Now, I'm not so sure. Maybe these stories about teens getting breast implants M are just plain sad.

The stories have proliferated after a report from the American Society of Plastic Surgeons that the number of teens getting implants is up by 24% in recent years.

There have been a few followup stories, with women who got the implants being disappointed that their dreams didn't come true
with the implants, but those disappoints are mostly due to complications.

Here's one such story, found at the end of a Chicago Tribune story. Kacey Long got the implants at 19, but had them removed three years later "due to excruciating pain and silicone poisoning."

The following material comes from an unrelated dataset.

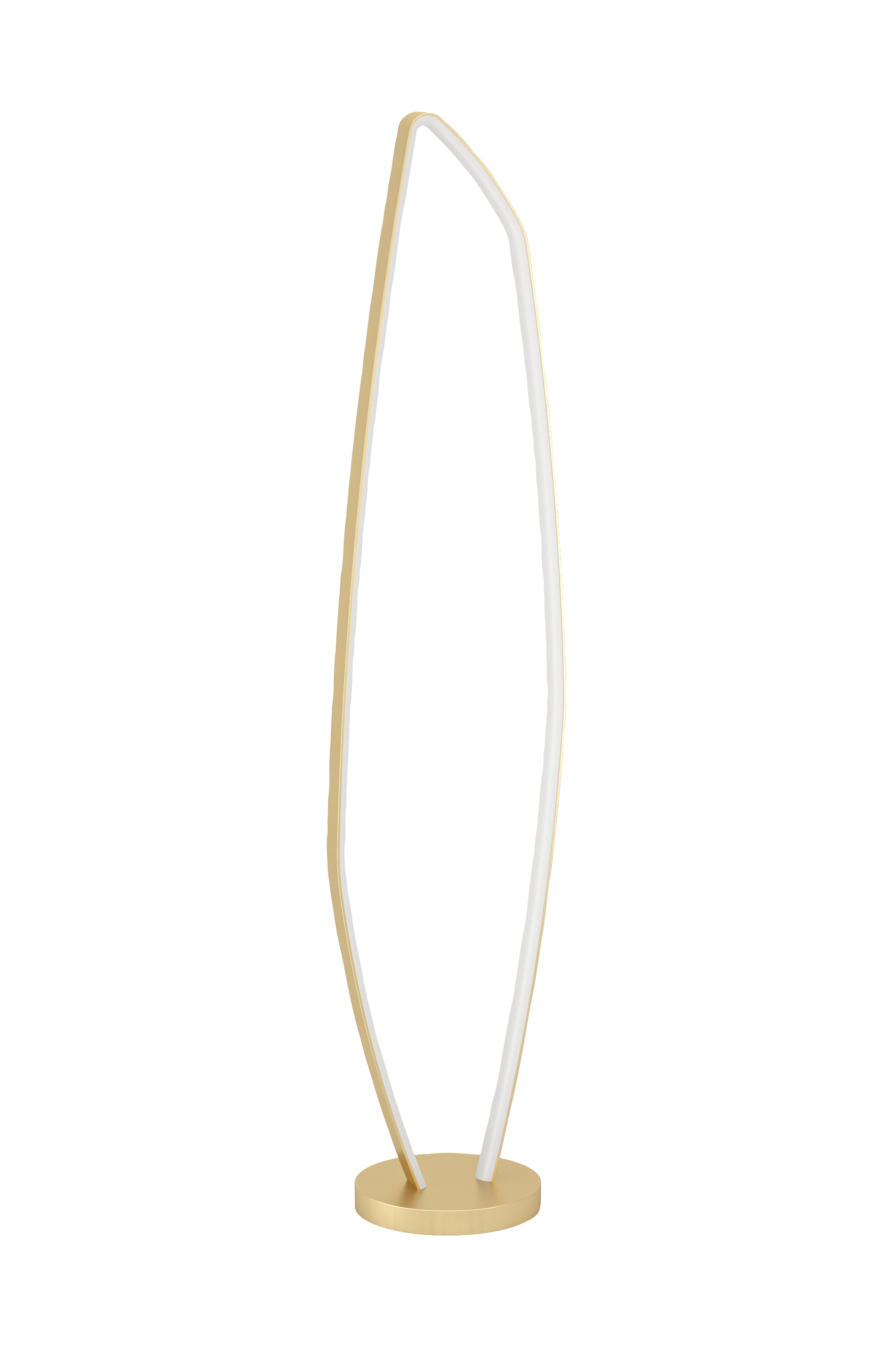 vallerosa gulvlampe tilføjer elegance til moderne interiør med sit slanke, minimalistiske design. Rammen i børstet messing og den bløde hvide skærm giver et varmt, omgivende lys (3000k) med 3400 lumen, perfekt til hyggelige rum. Ideel til både hjem og stilfulde kommercielle omgivelser.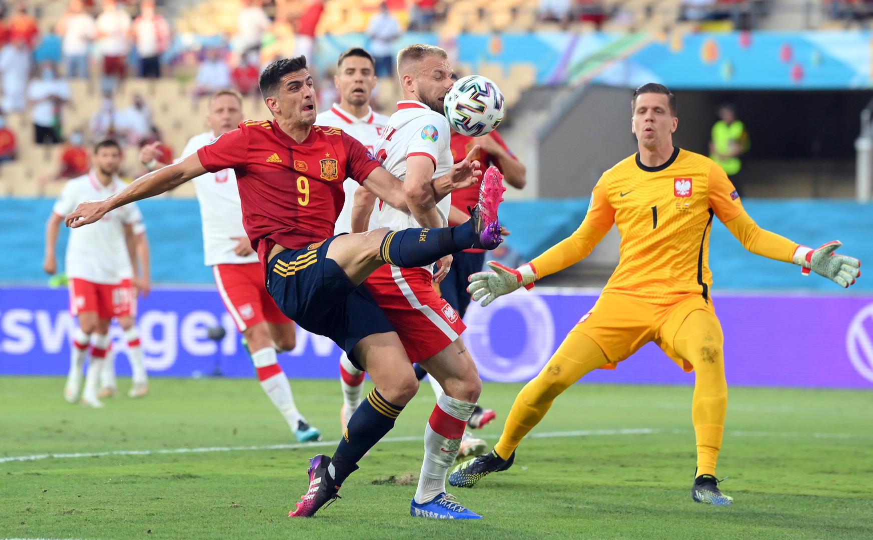 Euro 2020 - Group E - Spain v Poland Soccer Football - Euro 2020 - Group E - Spain v Poland - La Cartuja Stadium, Seville, Spain - June 19, 2021 Spain's Gerard Moreno in action with Poland's Tymoteusz Puchacz and Wojciech Szczesny Pool via REUTERS/David Ramos DAVID RAMOS

"My best friend's mom worked for my plastic surgeon for 12 years, and she received breast implants six months before me," said Long, now a 22-year-old graduate student in special education at Texas A&M University at Commerce. "She said that in her time at the office, no one ever had any problems. So I really thought that I had inside info and that these devices were completely `safe' and maintenance-free.

"I am still paying on my augmentation surgery," she added, "even though my breast implants are now at home with me in a jar, where they should have been all along"



There's a story here--about how we view women's bodies, about the connection of between body and self-esteem, about the worship of human perfection, about doctors and parents who should know better, about the excess of consumer culture. Then there are the moral questions, as Terry Mattingly points out.

But I'm still wanting more of the human story--about the desires and hopes and dreams to be found in a bag of silicone and bigger breasts.